Restate the records in full and exactly, with no images included.

(Stored items)
Start of Block
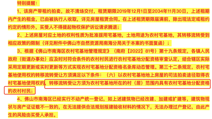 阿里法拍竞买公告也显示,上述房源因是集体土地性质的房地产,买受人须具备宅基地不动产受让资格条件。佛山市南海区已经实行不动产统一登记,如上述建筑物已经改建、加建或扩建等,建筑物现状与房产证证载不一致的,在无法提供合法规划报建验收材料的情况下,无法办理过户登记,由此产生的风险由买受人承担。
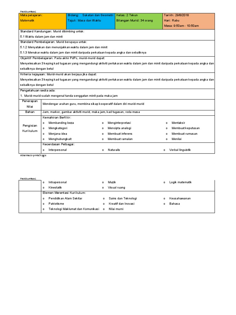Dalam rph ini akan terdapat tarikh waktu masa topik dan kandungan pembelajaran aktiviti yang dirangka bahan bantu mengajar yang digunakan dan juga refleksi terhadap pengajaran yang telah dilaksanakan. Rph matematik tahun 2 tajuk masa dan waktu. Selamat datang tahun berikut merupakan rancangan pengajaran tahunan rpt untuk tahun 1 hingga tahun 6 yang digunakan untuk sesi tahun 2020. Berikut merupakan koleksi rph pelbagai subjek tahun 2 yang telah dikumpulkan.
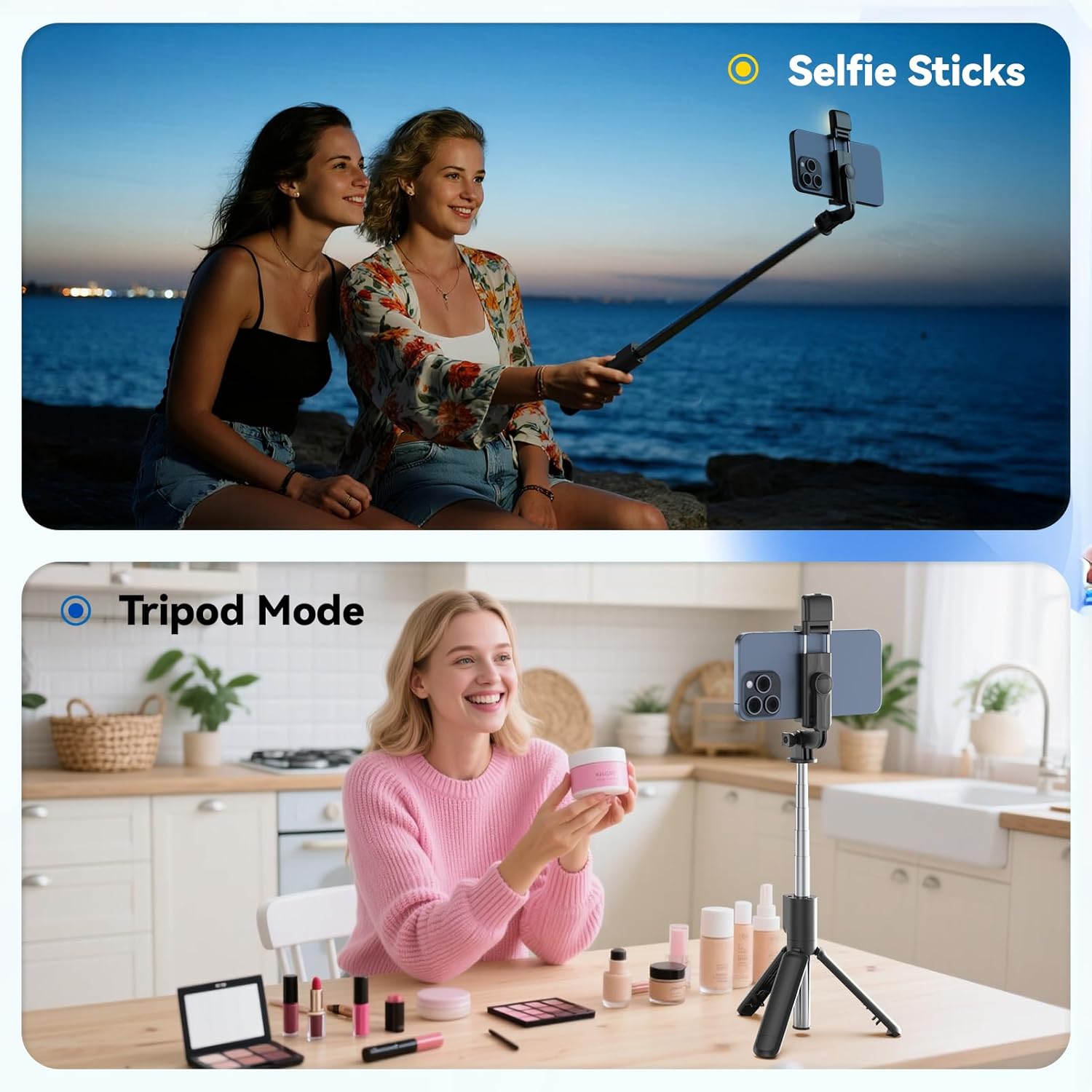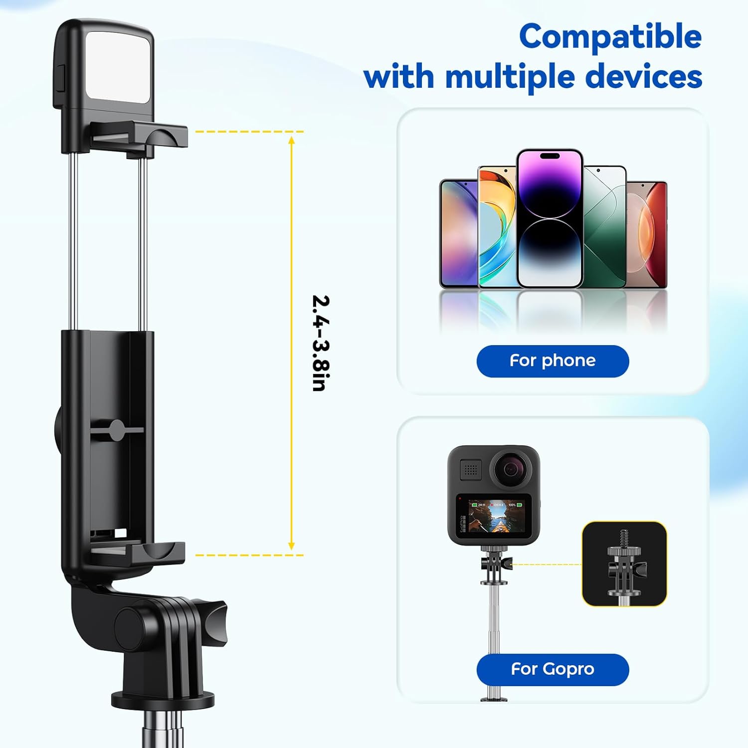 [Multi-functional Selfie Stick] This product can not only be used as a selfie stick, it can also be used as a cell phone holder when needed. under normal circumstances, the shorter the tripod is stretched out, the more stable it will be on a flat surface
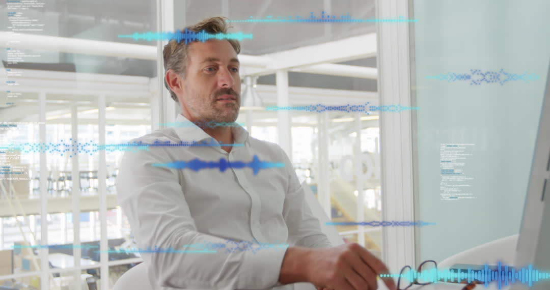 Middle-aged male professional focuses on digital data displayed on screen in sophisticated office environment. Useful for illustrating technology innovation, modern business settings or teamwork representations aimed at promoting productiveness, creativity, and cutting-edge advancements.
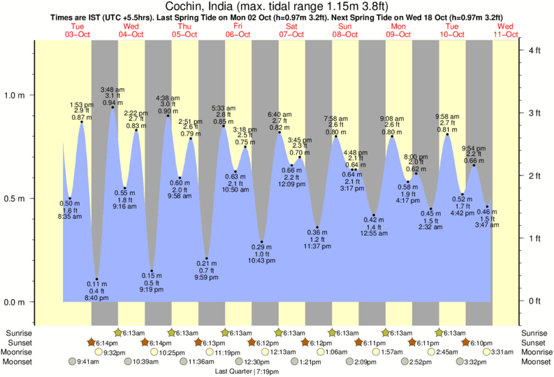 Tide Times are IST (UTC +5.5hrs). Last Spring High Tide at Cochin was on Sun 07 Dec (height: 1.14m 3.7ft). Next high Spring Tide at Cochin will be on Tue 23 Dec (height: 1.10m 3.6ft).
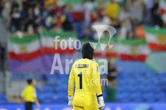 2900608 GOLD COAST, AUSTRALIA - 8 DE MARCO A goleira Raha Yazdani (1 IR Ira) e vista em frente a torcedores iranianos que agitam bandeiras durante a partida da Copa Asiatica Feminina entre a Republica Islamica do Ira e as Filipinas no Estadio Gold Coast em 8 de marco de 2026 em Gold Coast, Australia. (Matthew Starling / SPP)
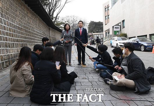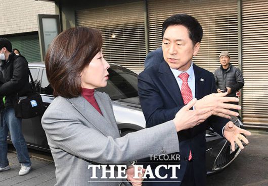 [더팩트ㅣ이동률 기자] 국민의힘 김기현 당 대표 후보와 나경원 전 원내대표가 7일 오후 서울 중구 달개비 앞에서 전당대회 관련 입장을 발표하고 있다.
End of Block
→ Completed task:
 阿里法拍竞买公告也显示,上述房源因是集体土地性质的房地产,买受人须具备宅基地不动产受让资格条件。佛山市南海区已经实行不动产统一登记,如上述建筑物已经改建、加建或扩建等,建筑物现状与房产证证载不一致的,在无法提供合法规划报建验收材料的情况下,无法办理过户登记,由此产生的风险由买受人承担。
Dalam rph ini akan terdapat tarikh waktu masa topik dan kandungan pembelajaran aktiviti yang dirangka bahan bantu mengajar yang digunakan dan juga refleksi terhadap pengajaran yang telah dilaksanakan. Rph matematik tahun 2 tajuk masa dan waktu. Selamat datang tahun berikut merupakan rancangan pengajaran tahunan rpt untuk tahun 1 hingga tahun 6 yang digunakan untuk sesi tahun 2020. Berikut merupakan koleksi rph pelbagai subjek tahun 2 yang telah dikumpulkan.
 [Multi-functional Selfie Stick] This product can not only be used as a selfie stick, it can also be used as a cell phone holder when needed. under normal circumstances, the shorter the tripod is stretched out, the more stable it will be on a flat surface
 Middle-aged male professional focuses on digital data displayed on screen in sophisticated office environment. Useful for illustrating technology innovation, modern business settings or teamwork representations aimed at promoting productiveness, creativity, and cutting-edge advancements.
 Tide Times are IST (UTC +5.5hrs). Last Spring High Tide at Cochin was on Sun 07 Dec (height: 1.14m 3.7ft). Next high Spring Tide at Cochin will be on Tue 23 Dec (height: 1.10m 3.6ft).
 2900608 GOLD COAST, AUSTRALIA - 8 DE MARCO A goleira Raha Yazdani (1 IR Ira) e vista em frente a torcedores iranianos que agitam bandeiras durante a partida da Copa Asiatica Feminina entre a Republica Islamica do Ira e as Filipinas no Estadio Gold Coast em 8 de marco de 2026 em Gold Coast, Australia. (Matthew Starling / SPP)
 [더팩트ㅣ이동률 기자] 국민의힘 김기현 당 대표 후보와 나경원 전 원내대표가 7일 오후 서울 중구 달개비 앞에서 전당대회 관련 입장을 발표하고 있다.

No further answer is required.